Few-shot prompt learning methods face several limitations:

Q1: Limited Text Supervision

Using only class names may not fully exploit CLIP’s language prior.

Q2: Prompt Instability

Different prompt variants may produce inconsistent predictions under few-shot training.

Q3: Efficient Adaptation

Can we improve CoCoOp without modifying the visual backbone or adding heavy multimodal modules?

We evaluate whether semantic prompt enrichment and consistency learning can improve OxfordPets accuracy under the 16-shot setting.

Application Area and Project Domain

This project belongs to:

Computer Vision
Vision-Language Models
Prompt Learning
Few-Shot Learning
Transfer Learning

Applications include:

Fine-grained image recognition
Low-data domain adaptation
Efficient deployment of pretrained models
Lightweight adaptation for edge systems

What is the paper trying to do, and what are you planning to do?

he reference paper CoCoOp proposes conditional prompt learning by generating instance-conditioned prompt tokens using image features.

This project extends that idea through:

Proposed AACPL Improvements

Attribute-Aware Prompt Construction

Instead of: Persian We use: Persian, fluffy long-haired flat-faced cat

This gives richer semantic supervision.

Dual Prompt Branches

We use two prompt templates:

Template 1: a photo of a Template 2: a blurry photo of a

Each branch predicts independently.

KL Consistency Regularization

Branch 2 is encouraged to match Branch 1 predictions using one-way KL divergence.

Improved Inference

At test time:

logits from both branches are averaged temperature calibration is applied final probabilities are returned

Project Documents

Presentation PDF: Project Presentation
Presentation PPTX: Project Presentation
Term Paper PDF: Term Paper
Term Paper Latex Files: Term Paper Latex files

Project Technicalities

Terminologies

CLIP

Contrastive Language-Image Pretraining model for aligned image-text embeddings.

Prompt Learning

Learning context tokens instead of full model fine-tuning.

CoOp

Context Optimization with static learned prompts.

CoCoOp

Conditional CoOp using image-conditioned prompts.

Few-Shot Learning

Training with only a few labeled examples per class.

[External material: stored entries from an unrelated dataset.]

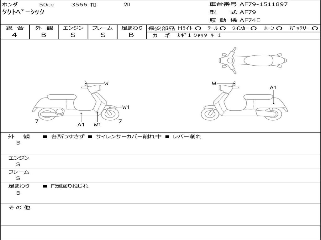 | Номер рамы / VIN | AF79-1511897 |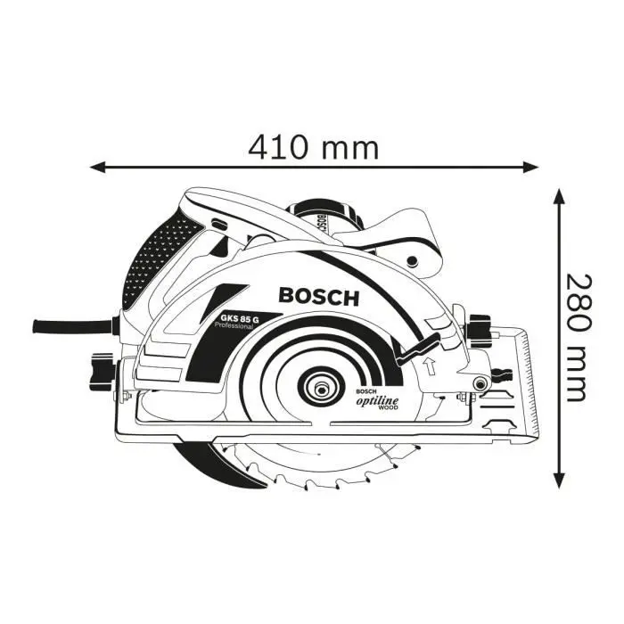 La sierra circular Bosch Professional GKS 85G – 060157A900 es una potencia optimizada para carriles guía. Es perfectamente compatible con el nuevo sistema de carriles guía FSN de Bosch y con carriles de otros fabricantes. Habilita ejecutar cortes en ángulo con el carril guía sin adaptador.Especificaciones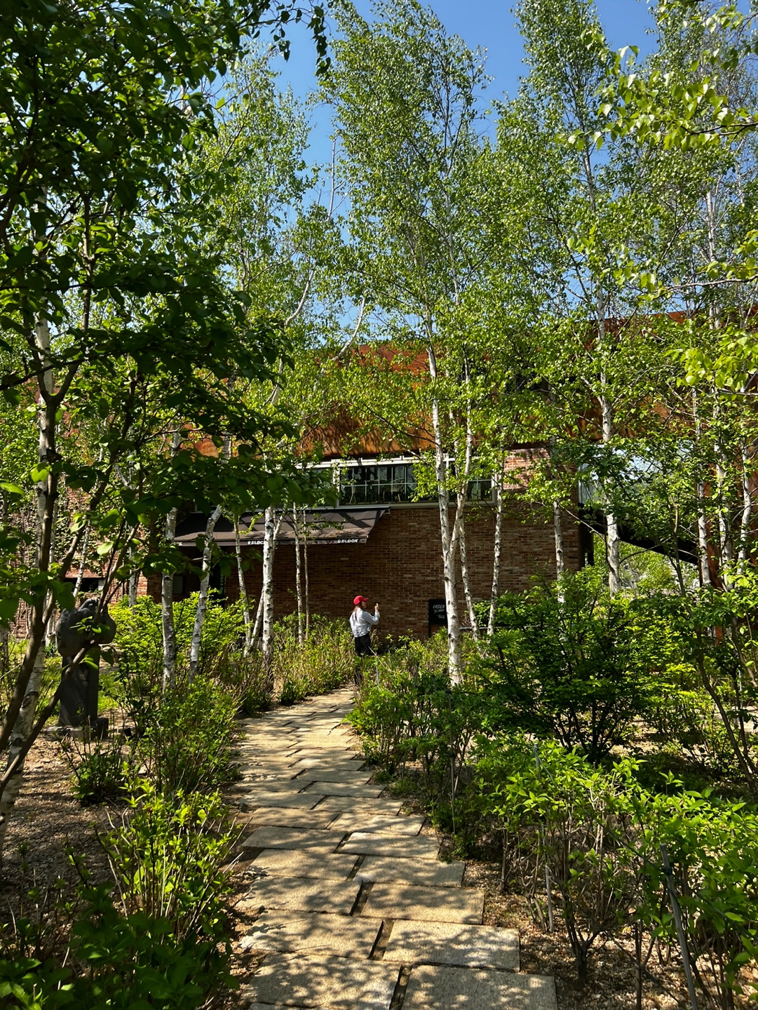 바람이 투명하게 흔들리던 오후, 오래된 컨테이너 간판 속 녹슨 철판 위로 ‘9 BLOCK’이라는 흰 글자가 반짝였다. ‘Time Machine Art Space’라는 문구처럼, 그 순간 나는 잠시 시간을 되감는 기분이 들었다. 가느다란 자작나무들이 길게 늘어선 오솔길을 따라 걸음을 옮기자, 은빛 잎새 사이로 햇살이 쏟아지고, 발끝에서는 나무 껍질 향이 은은히 스며들었다. 길 끝에 숨어 있던 붉은 벽돌 건물이 모습을 드러냈고, 빨간 모자를 눌러쓴 여행자 한 사람이 셔터를 누르며 풍경을 포개고 있었다.

Consistency Regularization

Encouraging multiple predictors to output similar predictions.

Temperature Scaling

Calibrating logits before softmax.

Problem Statements

Problem 1

Class-name-only prompts underuse semantic language knowledge.

Problem 2

Few-shot prompt learning may become unstable.

Problem 3

Need stronger adaptation without expensive retraining.

Loopholes or Research Areas

Better prompt robustness under low-data settings.
Better semantic exploitation of CLIP text encoder.
Efficient multi-prompt learning.
Generalization to unseen classes.

Problem vs. Ideation: Proposed 3 Ideas to Solve the Problems

Idea 1: Attribute Prompts

Use semantic descriptors per class.

Idea 2: Dual Prompt Agreement

Train multiple prompt branches to agree.

Idea 3: Better Inference Calibration

Average branches and calibrate confidence.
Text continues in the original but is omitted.